Case ID: how-pr_8/html/0146-01.html
Source: Caselaw Access Project
Author: {"author": "Cady, Justice.", "license": "Public Domain", "url": "https://static.case.law/"}
Date Created: 2024-08-24T03:29:51.129683

SUPREME COURT.
    Putnam agt. De Forest, executor, &c.
    Section 153 of the Code, as amended in 1853, is the only one which authorizes a plaintiff to reply; and that only authorizes a reply, when the defendant’s answer contains new matter, constituting a “ counter-claim.”
    Where a reply denies the allegations in the answer and sets up new matter in avoidance of new matter in the answer not containing a counter-claim, these allegations in the reply will be stricken out as redundant.
    
      Saratoga Special Term,
    
    
      February 1853.
    The action was on a note alleged to have been made by the testator to the plaintiff for $2000, payable with interest.
    1. The answer first denied the execution, &c., of the note.
    2. Pleaded want of consideration; that the note was intended as a gratuity, or gift.
    3. That the note was obtained by the covin and fraud of plaintiff.
    4. That since the death of the testator, the plaintiff presented the note (which was then due) to the executor for payment, and the executor rejected the same and refused payment; and that more than six months had elapsed since such rejection, previous to the commencement of this suit, whereby it became barred by statute.
    The plaintiff to this answer put in a reply, denying each of the several special defences set up in the answer, and set up a detail of special matter in avoidance of the answer.
    A motion to strike out this reply was made on behalf of the defendant, on the ground that no reply was necessary or proper in this case, because the answer did not set up a counter-claim, within the meaning of sections 149 and 150 of the Code, as amended, and that it was only proper for the plaintiff to interpose a reply when the answer set up a counter-claim (see § 153 as amended).
    F. Fish, for the Motion.
    
    A. Bockes, Contra.
    
   Cady, Justice.

This motion makes it necessary to decide whether a plaintiff can in any case reply, unless the defendant in his answer sets up a counter-claim. Section 153 of the Code, as amended in 1852, is the only one which authorizes a plaintiff to reply, and that only authorizes a reply when the defendant’s answer contains new matter, constituting a counter-claim. What is a counter-claim? According to the first and second subdivisions of section 150, a counter-claim is, 1st, a cause of action arising out of the contract or transaction set forth in the complaint, as the foundation of the plaintiff’s claim, or connected with the subject of the action.

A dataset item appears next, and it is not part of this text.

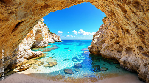© ABDELILAH, Fototapeta premium Secluded Cove, Turquoise Waters, Sandy Beach, Rock Formations, Sunny Day, Island Paradise, Mediterra

2d. In an action arising on contract, any other cause of action arising also on contract, and existing at the commencement of the action.

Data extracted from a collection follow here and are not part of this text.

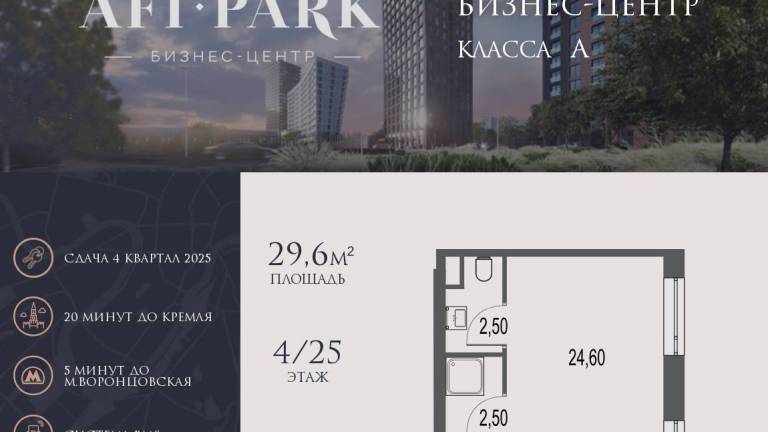 Фильтры1Продается просторное коммерческое помещение общей площадью 29,6 м2 на 4 этаже в строящемся бизнес-центре AFI Park. 21-этажный бизнес-центр AFI Park...
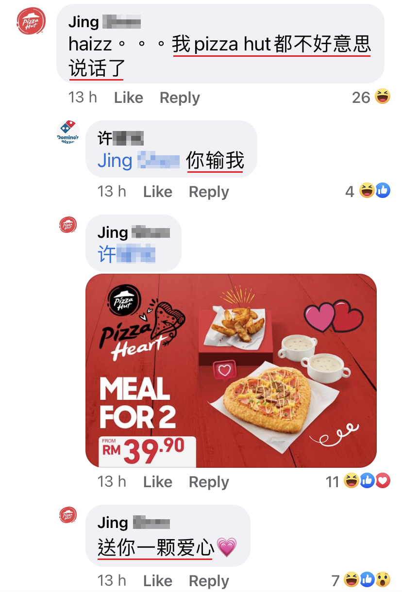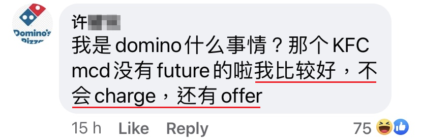 ▼ 接着,“KFC” 和 “McD” 双双都cue “Domino’s Pizza” 出来!
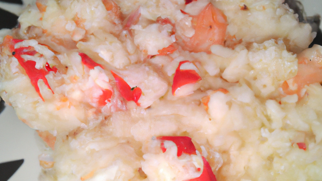 Faîtes cuire le riz dans de l'eau et du bouillon-cube, et laissez-le refroidir. Coupez le surimi en lamelles, coupez les tomates en petits dés. Préparez votre sauce avec moutarde, mayo, crème, jus de citron.

There is nothing in the defendant’s answer resembling'a counter-claim. The defendant in his answer does not claim to have any cause of action against the plaintiff. The whole object of the answer is to show that the plaintiff has no cause of action upon the note set out in the complaint. The reply, therefore, was wholly unnecessary and unauthorized.

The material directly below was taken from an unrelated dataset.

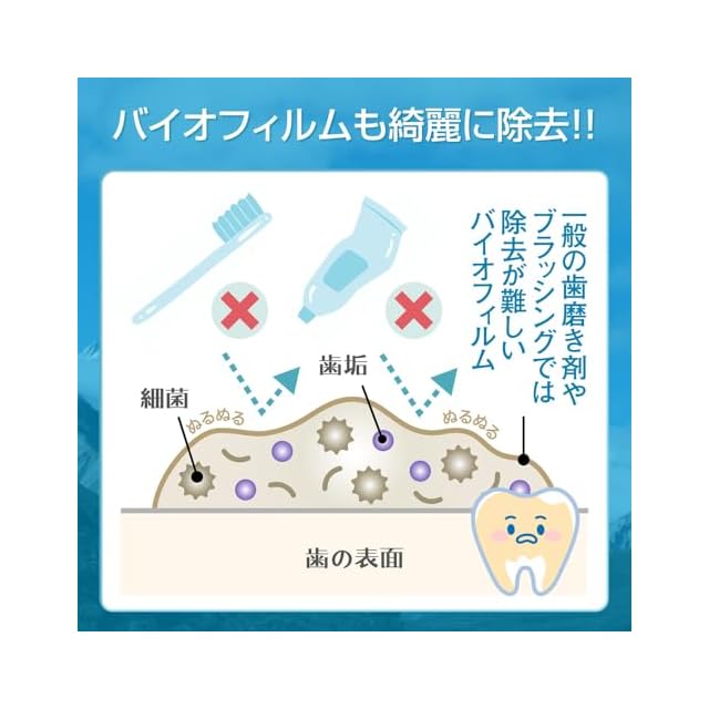pH10以上の強いアルカリで汚れを浮き上がらせ、歯に沈着した色素を洗浄し、歯を白くします。

By section 168 of the Code, every material allegation of new matter in the answer, constituting a counter-claim not controverted by the reply, as prescribed in section 153, shall for the ■purposes of the action be taken as true. But the allegation of new matter in the answer, not relating to a counter-claim, or of new matter in a reply, is to be deemed controverted by the adverse party, as upon a direct denial or avoidance, as the case may require.”

That part of the reply in which the plaintiff denies the allegation in the answer, as well as that part in which new matter is stated in avoidance of the new matter alleged in the answer, must be regarded as redundant matter, and may be stricken out on motion of any person aggrieved thereby. It is a sufficient grievance to justify the motion, that a party has been compelled to read ten folios of redundant matter, to ascertain whether it be matter which ought to incumber the record.

I am of opinion that the plaintiff had no right to reply in this case, and that his reply ought to be struck out'as redundant matter, with ten dollars costs of the motion.